When they are effects conditional on prognostic baseline covariates, some argue they are more patient relevant and more transportable outside of the trial population (Harrell 2021).

Against

Model assumptions may not hold, and in advance of seeing the data, we can’t tell if they will.
If the assumptions do not hold, estimate and inference is (arguably) difficult to interpret

Traditional (parametric) model-based statistical inference

Reproduced with permission from ‘Targeted Learning’ by van der Laan and Rose, 2011, Springer

Arguments in favour of model-free effect estimands in trials

Clear separation between
- specification of scientific question / target of inference
- statistical estimation methods and assumptions.
Their meaning and value is not contingent on validity of statistical assumptions, which may or may not turn out to hold.
At least if data are complete, as a consequence of randomisation we can use estimators which are guaranteed to be unbiased (i.e. unbiasedness is not contingent on statistical modelling assumptions holding).

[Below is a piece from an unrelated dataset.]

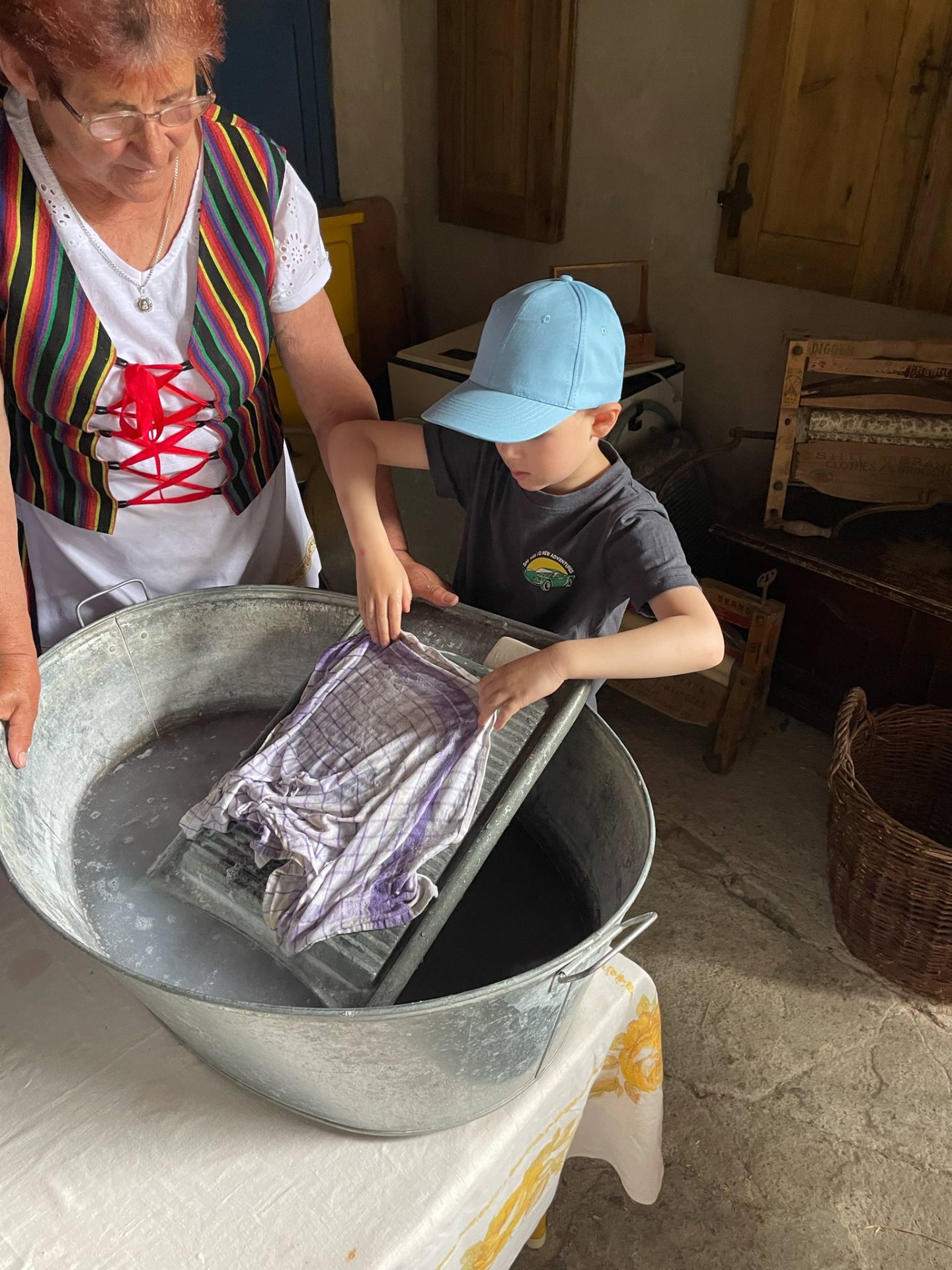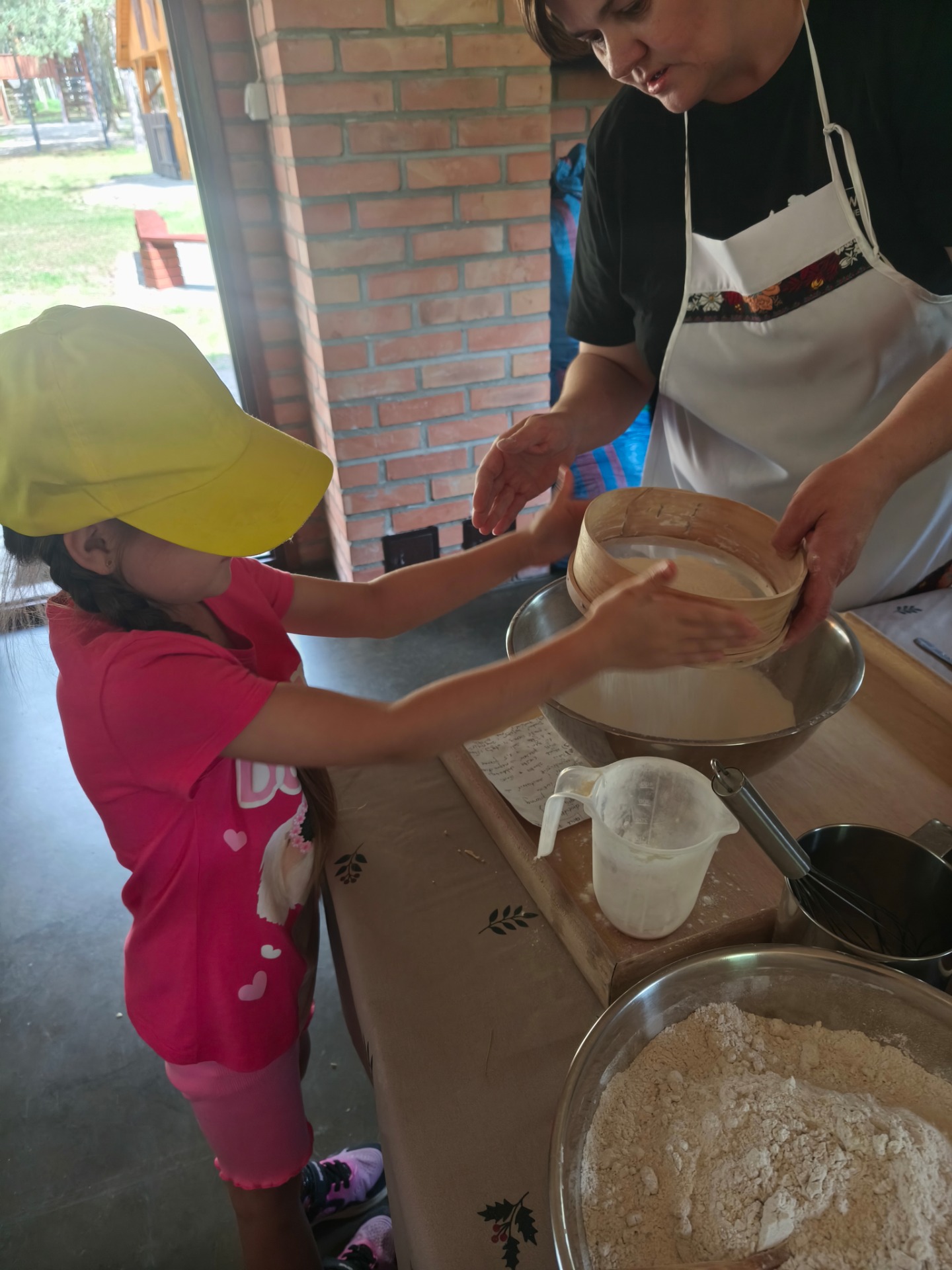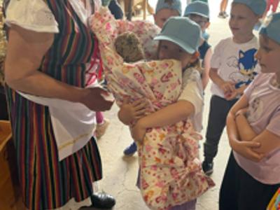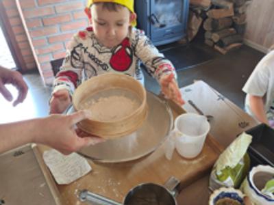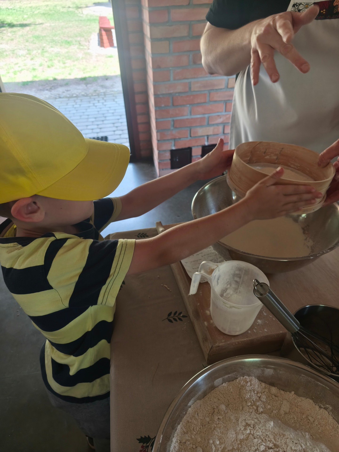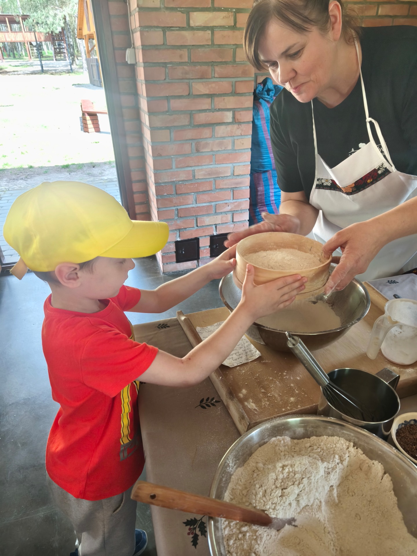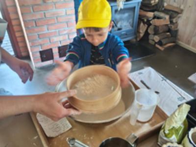 - zobaczyły jak żyli kiedyś rolnicy i mieszkańcy wsi, zwiedzając stodołę z maszynami i urządzeniami rolniczymi i wyposażeniem dawnej chałupy. Poznały sposoby zastosowania maszyn i upraw zboża ich rodzaje,, młocka cepami, warsztat tkacki - przędzenie na kołowrotku i tkanie na krosnach, pranie na tarze.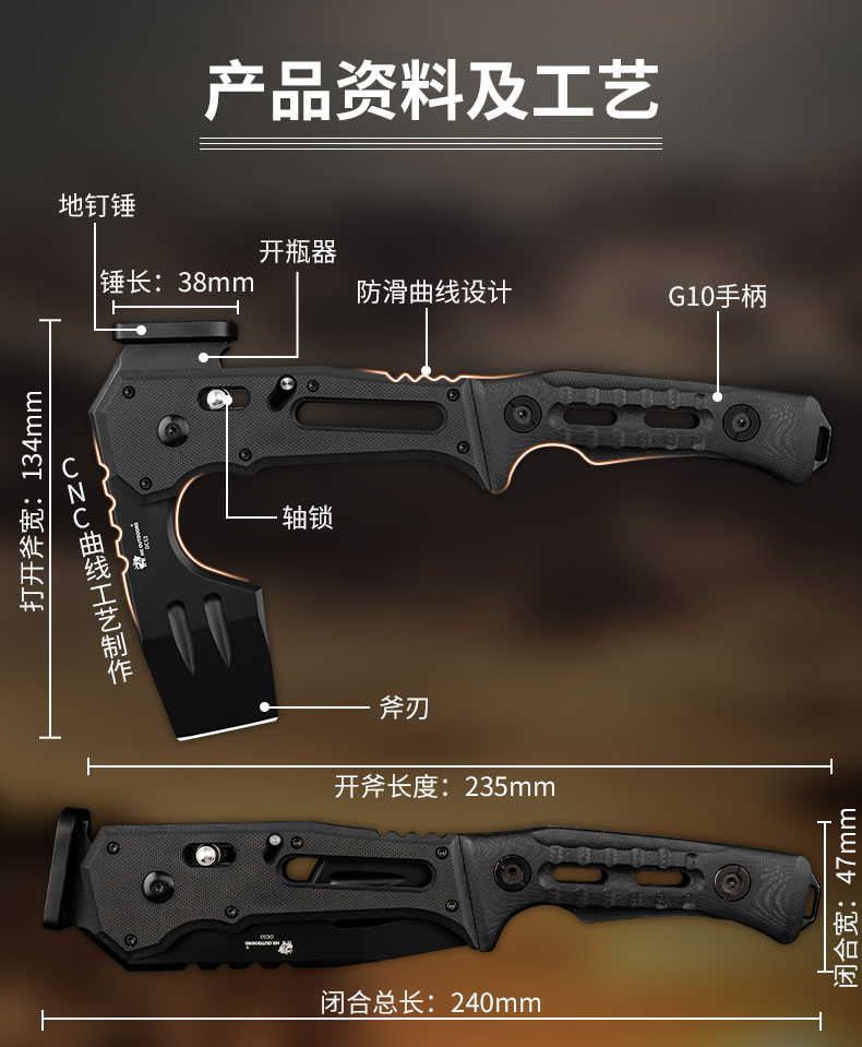汉道洛克疾风斧G10手柄斧子开山斧劈砍斧头

Conclusions and implications

Conclusions

Defining estimands within a (semi)parametric model is not compatible with the E9 estimand addendum’s requirements:
- for the estimand to be a population summary measure,
- to define the estimand before the statistical estimator.
There are strong arguments in favour of use of model-free estimands in trials, and indeed more generally in statistics (Vansteelandt and Duke 2022).

Implications

If we were to only use model-free estimands in trials, what would this mean?

For binary outcomes, no more use of conditional odds ratios for treatment effect from logistic regression.
Instead, use of other measures such as marginal odds ratio, risk ratio, risk difference.
Important to note these can be estimated exploiting baseline covariates for improved precision (see FDA covariate adjustment guidance).
For time-to-event outcomes, hazard ratios no longer used.
Instead, use alternatives such as RMST and differences in survival probability at landmark times.